» **INPUT DATA**
----------
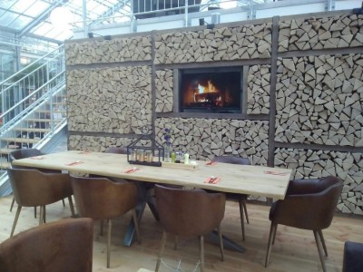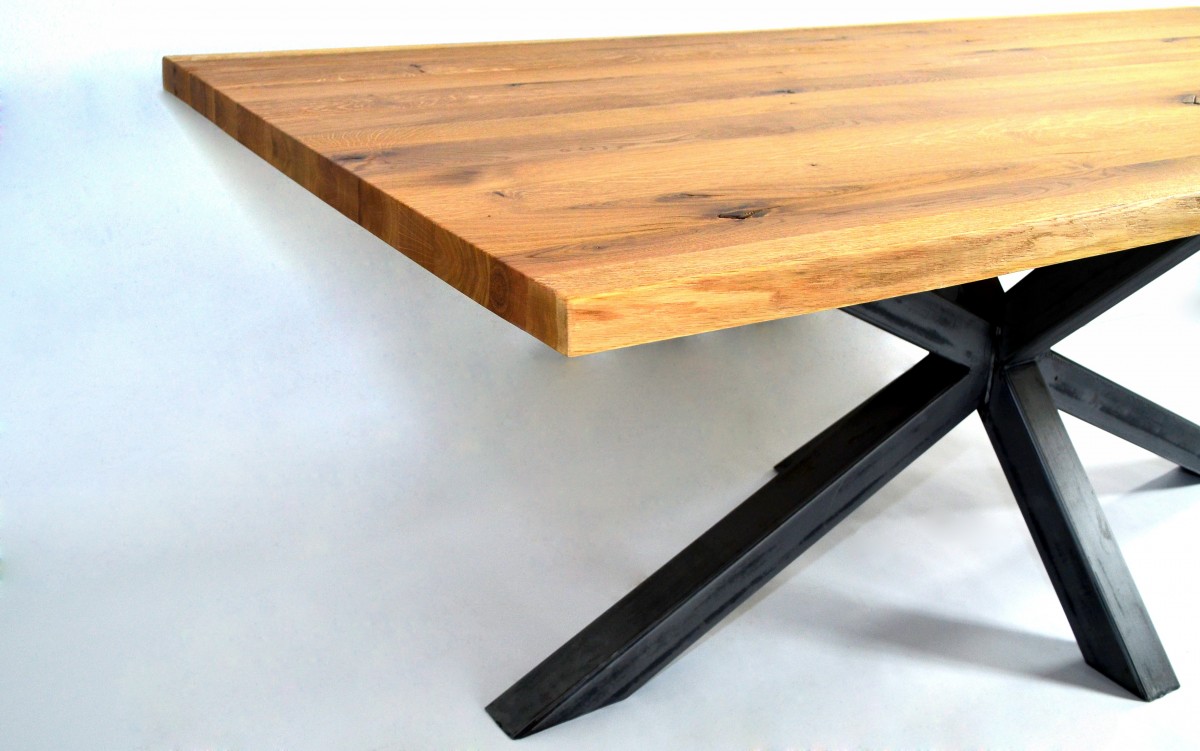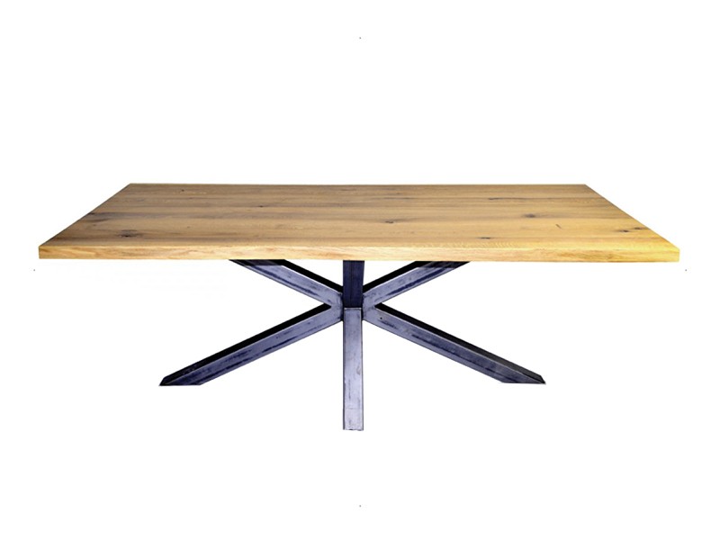 - Tafel met een 4 cm eikenblad en een stalen dubbele X onderstel (Extra lang 8x8cm)
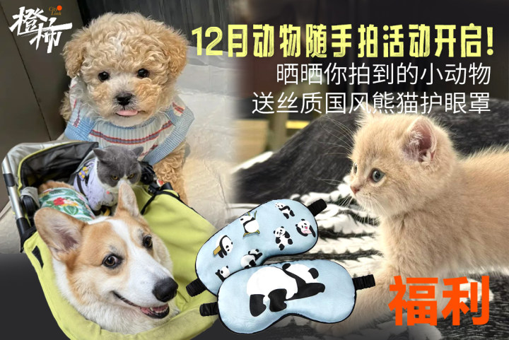 活动参与方式:在橙友圈#萌宠#话题下,带上标签#12月动物随手拍#发帖,晒一晒你镜头下拍到的可爱小动物,发帖满6次。
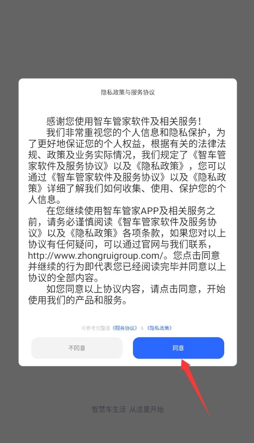 1、启动之后,仔细阅读用户协议内容,确认无误后点击底部同意并继续按钮进入主界面。
----------
» **PROBLEM DETAILS**
When you repeat the material above, keep every word exact and leave out the pictures.

» **RESULT OF THE TASK**
 - Tafel met een 4 cm eikenblad en een stalen dubbele X onderstel (Extra lang 8x8cm)
 活动参与方式:在橙友圈#萌宠#话题下,带上标签#12月动物随手拍#发帖,晒一晒你镜头下拍到的可爱小动物,发帖满6次。
 1、启动之后,仔细阅读用户协议内容,确认无误后点击底部同意并继续按钮进入主界面。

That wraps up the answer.